## Records supplied
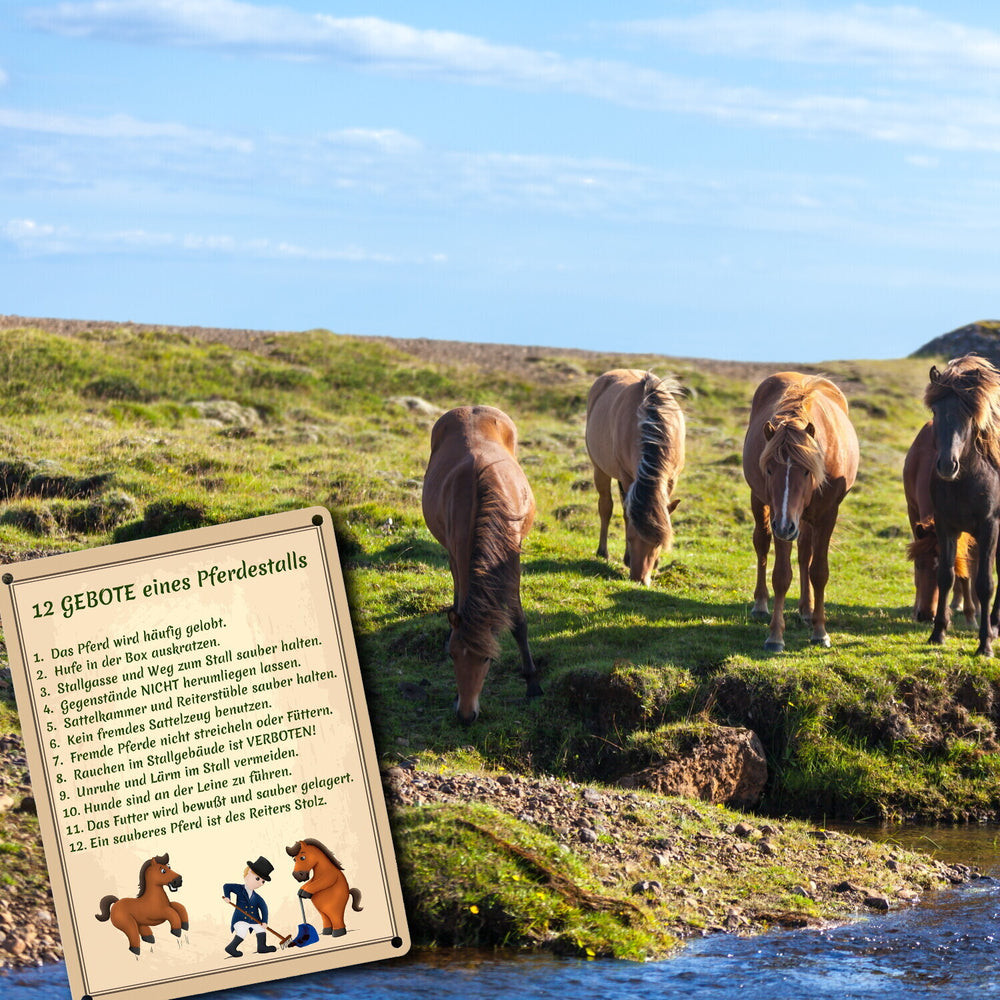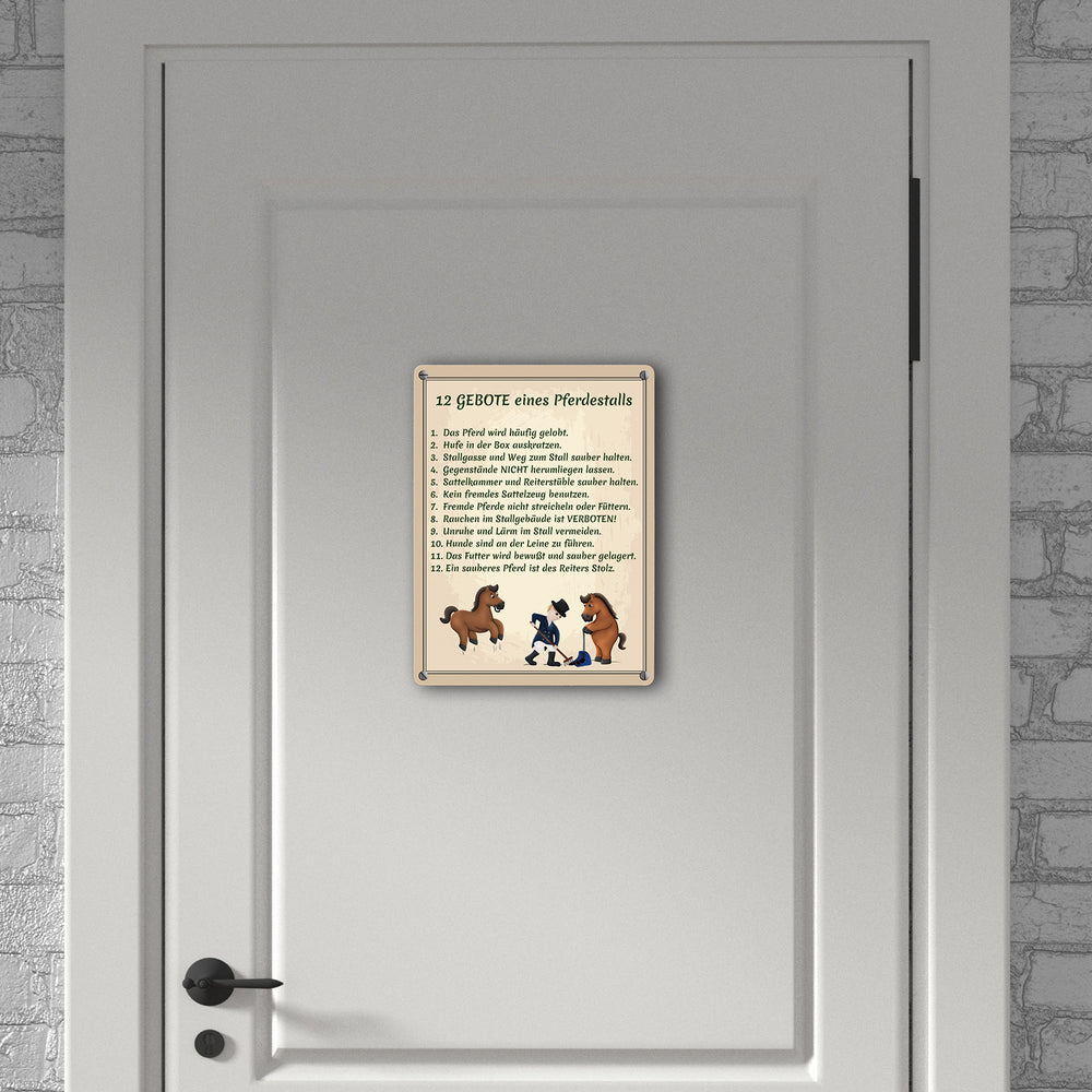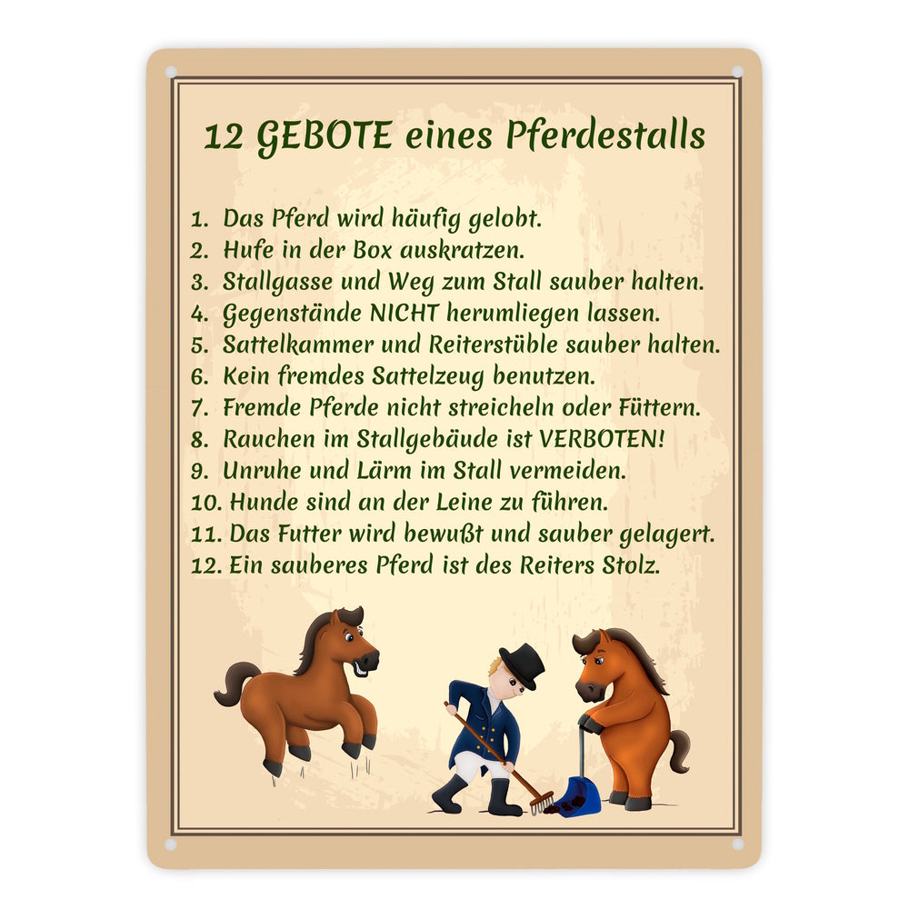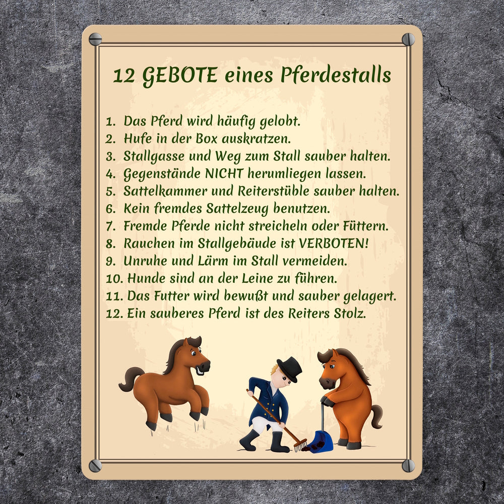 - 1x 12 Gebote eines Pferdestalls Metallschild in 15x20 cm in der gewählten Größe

...

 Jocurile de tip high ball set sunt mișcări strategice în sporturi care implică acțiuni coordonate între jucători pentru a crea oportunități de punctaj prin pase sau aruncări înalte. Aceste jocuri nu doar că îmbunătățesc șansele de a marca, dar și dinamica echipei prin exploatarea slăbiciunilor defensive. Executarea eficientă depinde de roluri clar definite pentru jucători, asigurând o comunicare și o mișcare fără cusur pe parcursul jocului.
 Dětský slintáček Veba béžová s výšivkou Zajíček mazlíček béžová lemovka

* * *

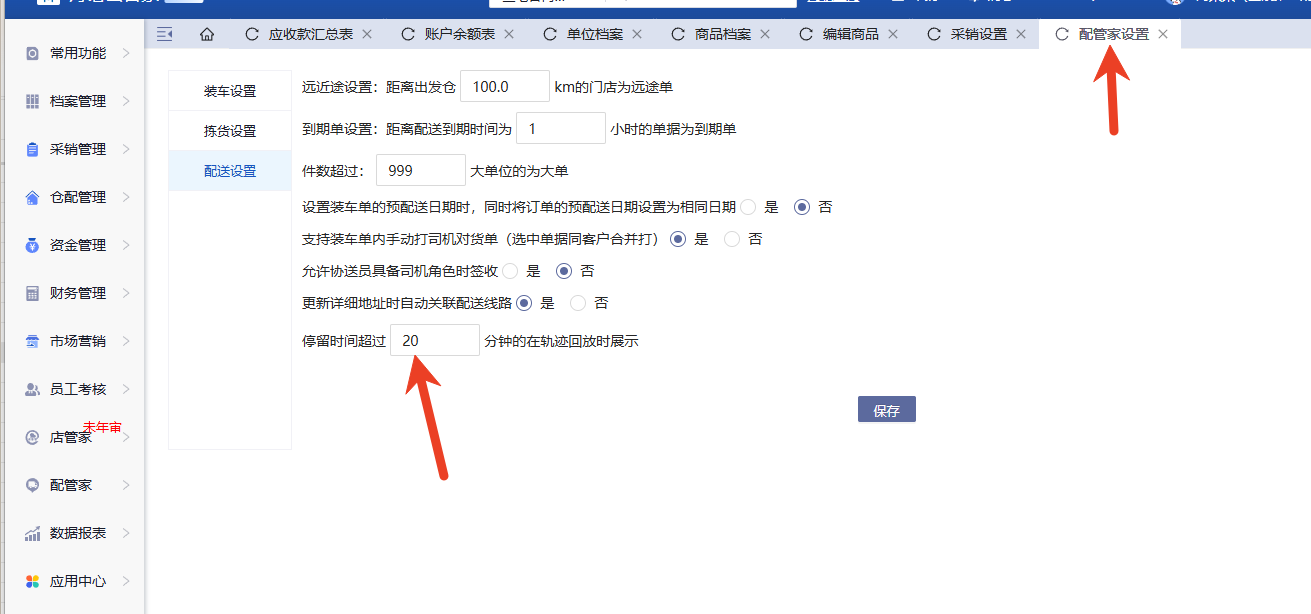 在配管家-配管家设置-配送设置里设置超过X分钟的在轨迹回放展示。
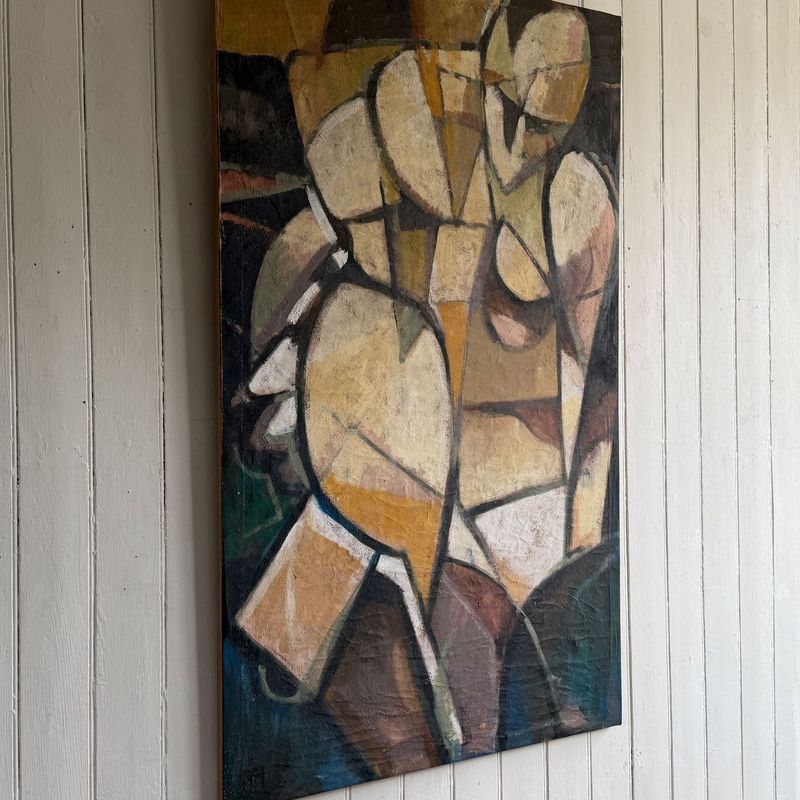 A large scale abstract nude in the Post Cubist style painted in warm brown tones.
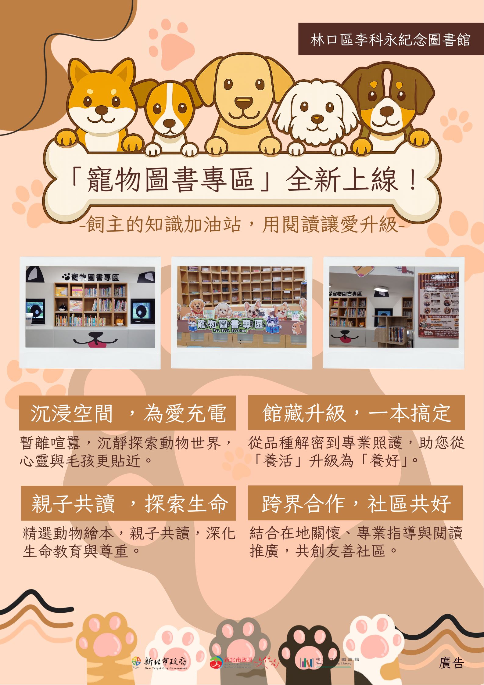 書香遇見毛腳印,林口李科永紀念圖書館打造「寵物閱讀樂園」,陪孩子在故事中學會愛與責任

## Try it
What is wanted is an exact copy of the lines above from the one containing "在配管家-配管家设置-配送设置里设置超过X分钟的在轨迹回放展示。" through the one containing "書香遇見毛腳印,林口李科永紀", with no pictures in it.

## Exercise answer
 在配管家-配管家设置-配送设置里设置超过X分钟的在轨迹回放展示。
 A large scale abstract nude in the Post Cubist style painted in warm brown tones.
 書香遇見毛腳印,林口李科永紀念圖書館打造「寵物閱讀樂園」,陪孩子在故事中學會愛與責任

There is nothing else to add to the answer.